Indri

Indri is a search engine that provides state-of-the-art text search and a rich structured query language for text collections of up to 50 million documents (single machine) or 500 million documents (distributed search). Available for Linux, Solaris, Windows and Mac OSX.

No further development is being done with Indri.
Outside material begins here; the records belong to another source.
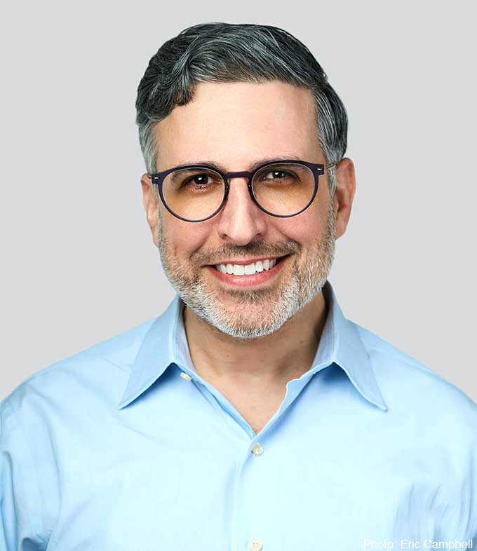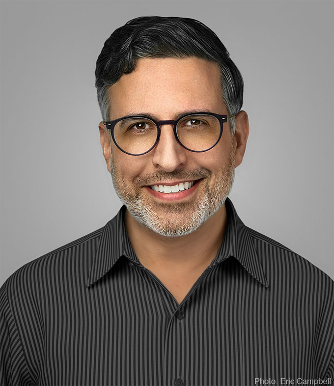 Bright clothing is always distracting, so the shirt was replaced with a darker version. Eyes are vital in a portrait, so eyeglass shadows were removed and the eyes brightened. The lighting on the face and neck was evened out to make the skin look healthier.
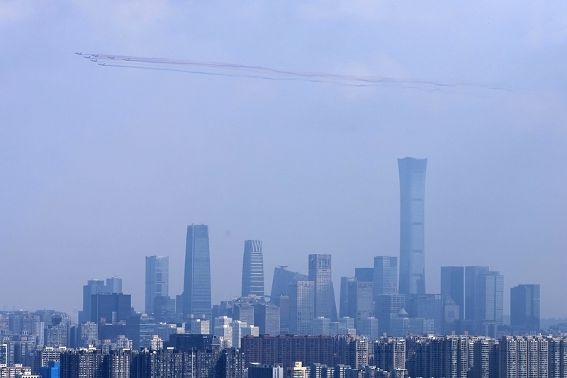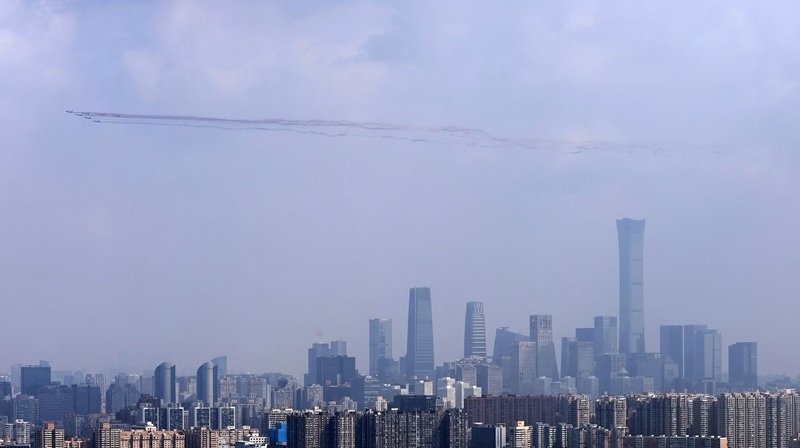 9月3日,紀(jì)念中國人民抗日戰(zhàn)爭(zhēng)暨世界反法西斯戰(zhàn)爭(zhēng)勝利80周年大會(huì)在北京隆重舉行。這是教練機(jī)梯隊(duì)接受檢閱。
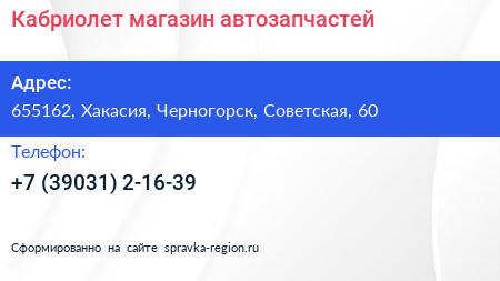 Кабриолет, магазин автозапчастей по адресу 655162, Хакасия, Черногорск, Советская, 60 в дальнейшем Организация, размещена в следующих категориях:
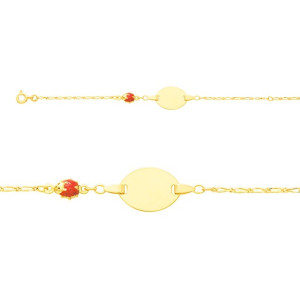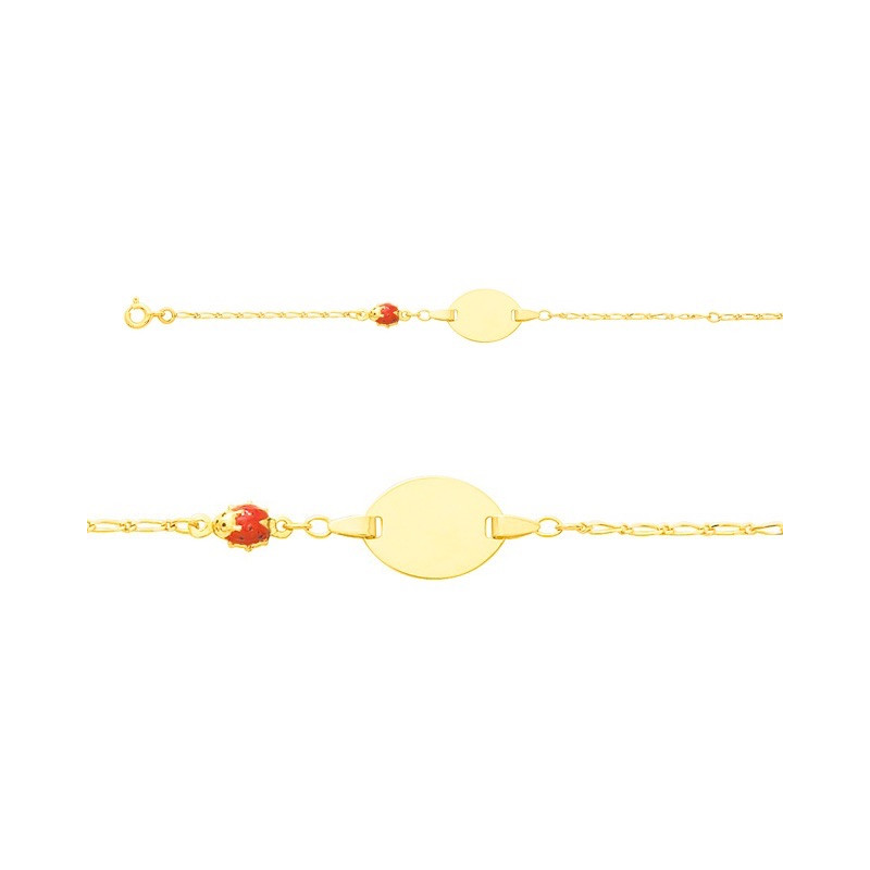 Bracelet identite bébé maille alternée 1/1 plaque ovale coccinelle Or jaune
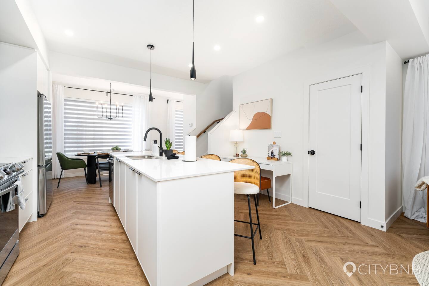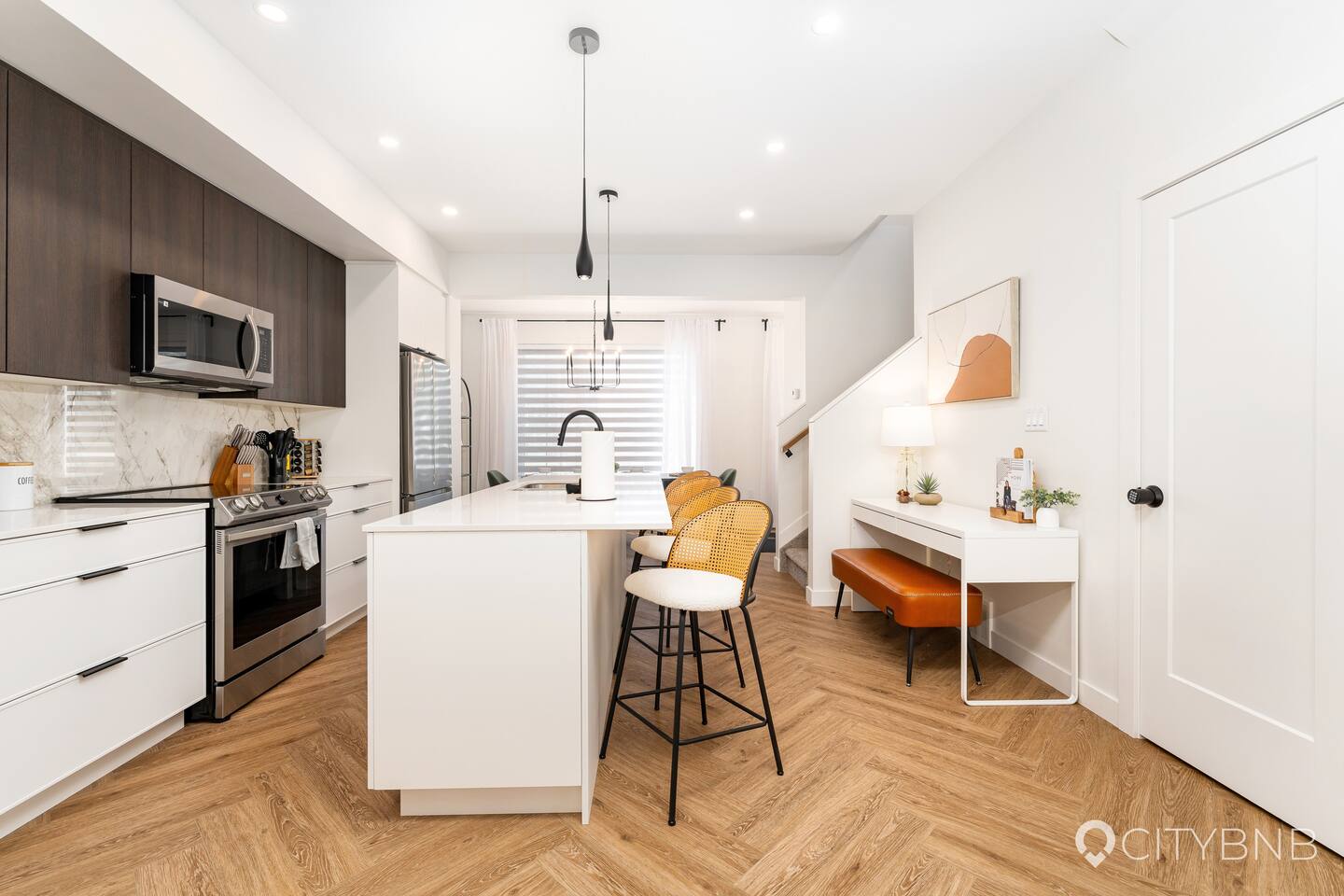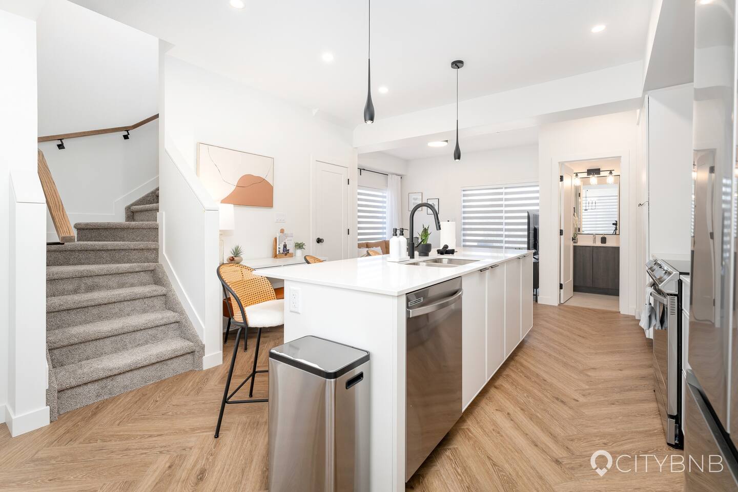 - Entire main and upper floors of the townhouse - Smart lock entry — door code provided 2 days before arrival Note: There is a separate legal basement suite with a private entrance (no shared spaces).
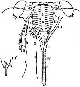 | Fig. 2.—Head of Cicad, front view. Ia, frons; b, clypeus (the pointed labrum beneath it); II, mandible; III, first maxilla; (a, base; b, sheath; c, piercer), III′, inner view of sheath; IV, second maxillae forming rostrum (b, mentum; c, ligula). |
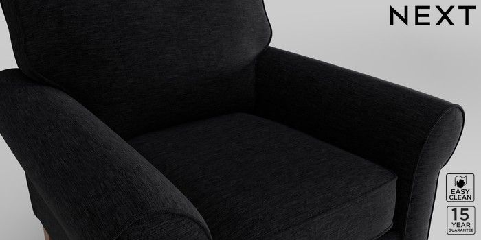 7.2.10 Mallory Armchair Fine Chenille Easy Clean Black High Turned - Light | Made Click here to use our website with more accessibility support, for example screen readers
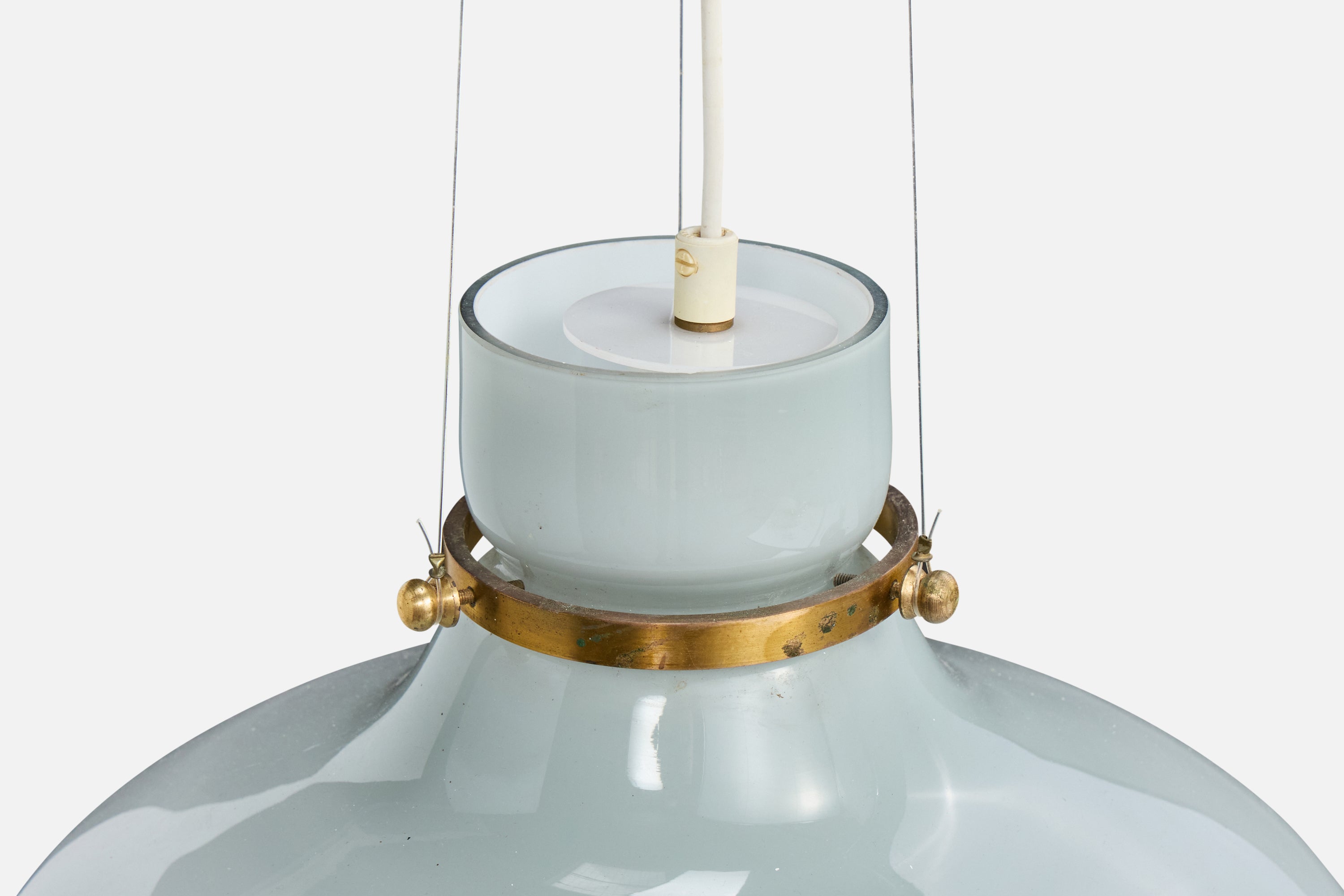 Italian Designer, Pendant Light, Glass, Brass, Italy, 1950s
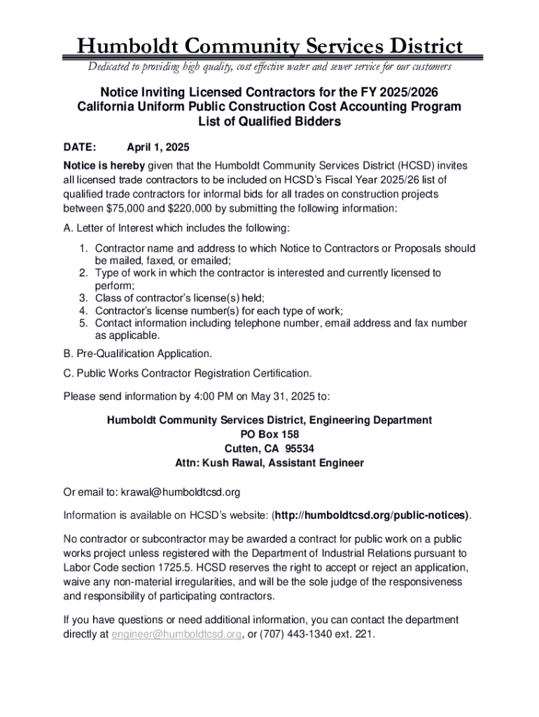 This document serves as an official notice for licensed contractors to apply for inclusion on the Humboldt Community Services District\'s list of qualified bidders for upcoming construction projects.
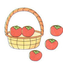 买 了 一 篮 红 柿 子,回 到 家 里 吃 柿 子。
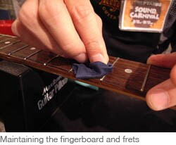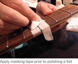 It is not so difficult to repair minor damage. Merely polish the head of the fret with a polishing compound until it is smooth again. When polishing a fret, be sure to first cover all other surrounding areas with masking tape or the like, so that the polishing compound does not damage the fingerboard or any wooden parts. Do not apply excessive pressure when polishing a fret-polish lightly and with care. For major damage that cannot be repaired with polishing compound or very deep damage, be sure to have a specialist take a look.
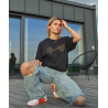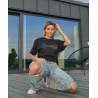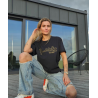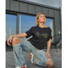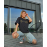 Modernūs juodos spalvos laisvalaikio marškinėliai trumpomis rankovėmis - puikus pasirinkimas tiek vyrams, tiek moterims, kurie vertina stilių ir komfortą. Šie marškinėliai papuošti auksinės spalvos spauda ant krūtinės, kuri suteikia subtilų ir elegantišką akcentą.
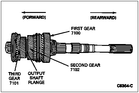 Position output shaft so that the rear end (long side of flange) faces upward. Install the following parts in the order listed:
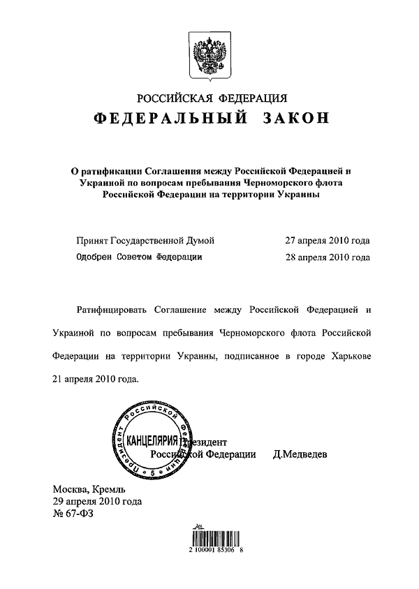 Федеральный закон «О ратификации Соглашения между Российской Федерацией и Украиной по вопросам пребывания Черноморского флота Российской Федерации на территории Украины» был принят Государственной Думой 27 апреля 2010 года и одобрен Советом Федерации 28 апреля 2010 года. За ратификацию проголосовало 410 депутатов Государственной Думы. Воздержалась от поддержки фракция ЛДПР[7].
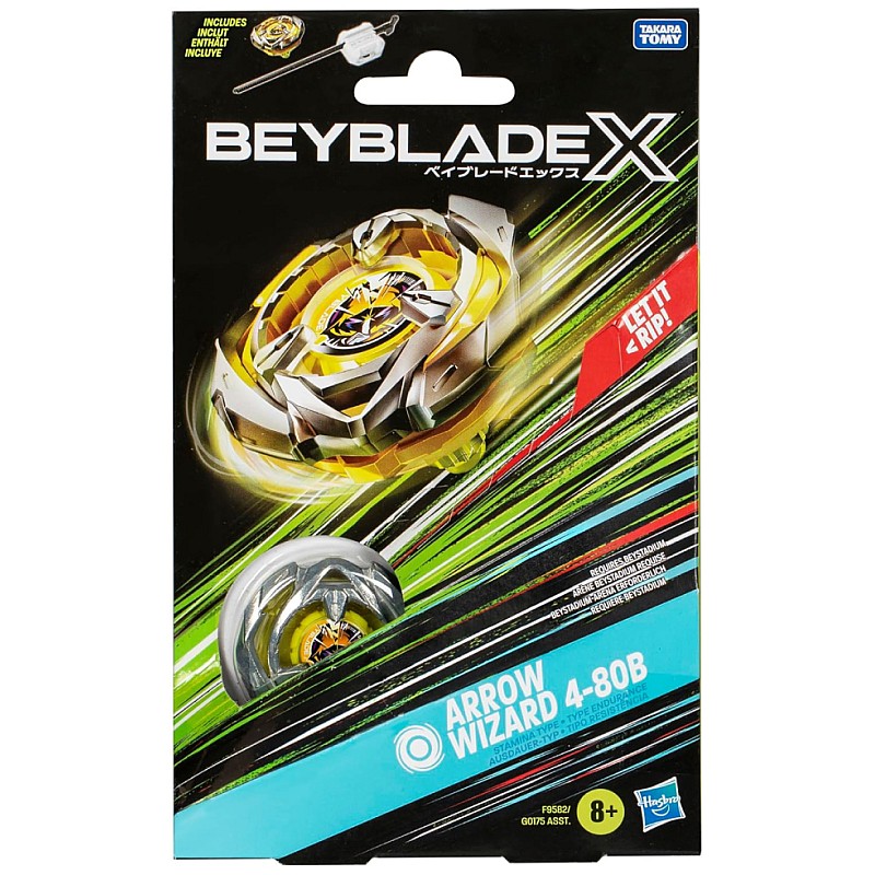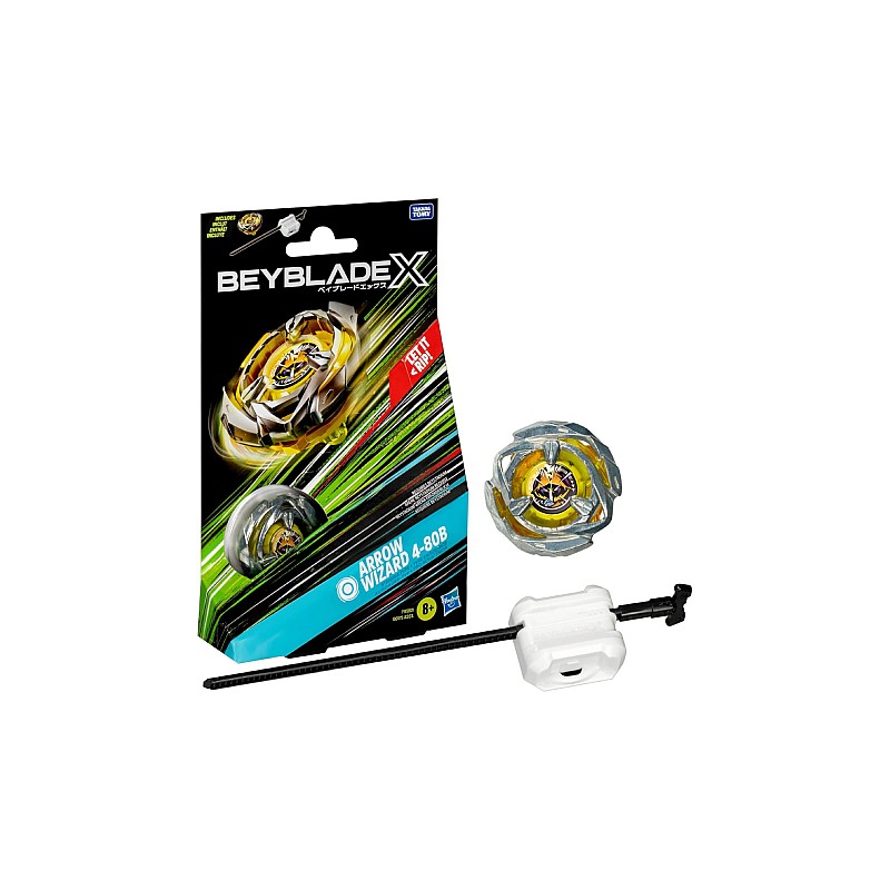 Include lansator Beyblade X proiectat de Takara Tomy și top cu piese metalice autentice turnate sub presiune: Arrow Wizard 4-80B Right-Spin Stamina Type.
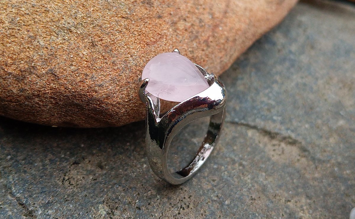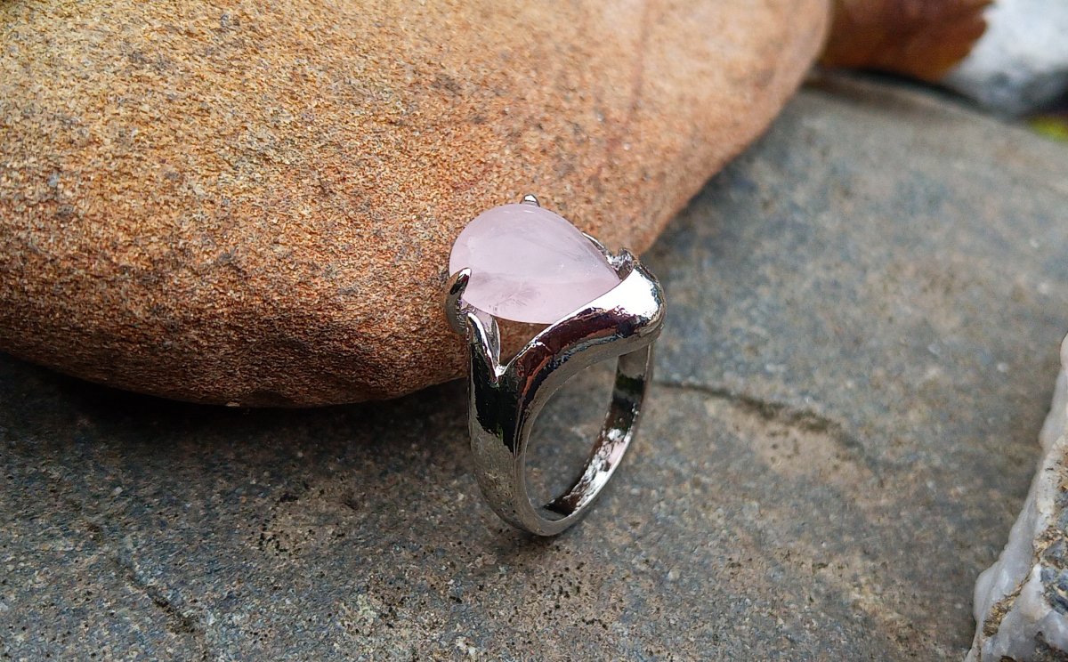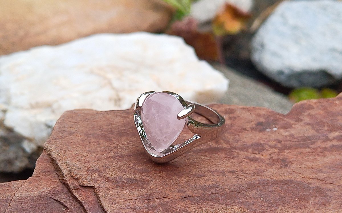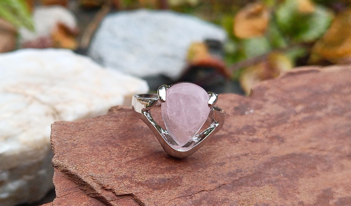 Růženín ve tvaru kapky o velikosti cca 13x10 mm v elegantním postříbřeném prstýnku. Růženín je kámen lásky
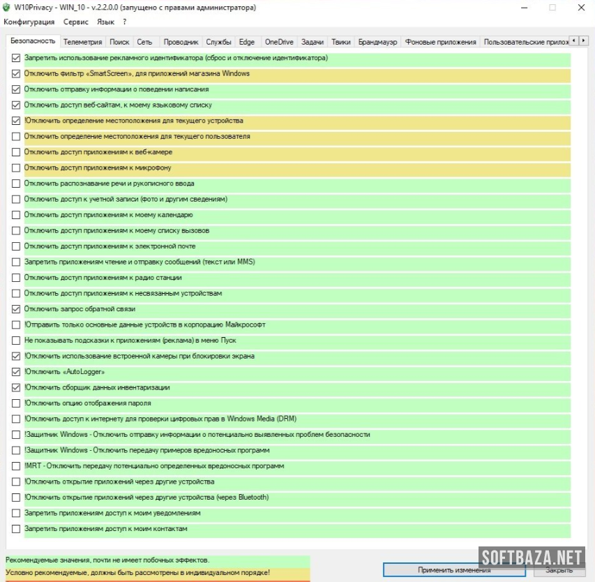 Рекомендации по эксплуатации утилиты: всегда запускайте W10Privacy с правами администратора — множество системных параметров требуют соответствующих привилегий для модификации значений. С повышенной осторожностью подходите к деактивации параметров, выделенных красным цветом в интерфейсе — они могут повлиять на базовую функциональность системы. После завершения конфигурации обязательно выполните перезагрузку компьютера для применения изменений.

Please check out our latest project, Lucindri, which is the Indri search logic built on the Lucene search engine.
Lucindri Home Page
Lucindri Source Code on Github

Features

Powerful Query Interface

Supports popular structured query operators from INQUERY
Suffix-based wildcard term matching
Field retrieval
Passage retrieval

Flexible Indexing and Document Support

Supports UTF-8 encoded text
Language independent tokenization of UTF-8 encoded documents.
Parses PDF, HTML, XML, and TREC documents
Word and PowerPoint parsing (Windows only)
Text Annotations
Document Metadata

Package Versatility

Open source, with a flexible BSD-inspired license
Includes both command line tools and a Java user interface
API can be used from Java, PHP, or C++
Works on Windows, Linux, Solaris and Mac OS X

Scalability and Efficiency

Best-in-class ad hoc retrieval performance
Can be used on a cluster of machines for faster indexing and retrieval
Scales to terabyte-sized collections

Download

Indri can be obtained from the SourceForge Lemur Project Page.

Release History

The first version (1.0) of Indri was released in Jan 2002. Subsequent releases have been made 2-3 times each year since then. Release notes for the current release can be found on SourceForge.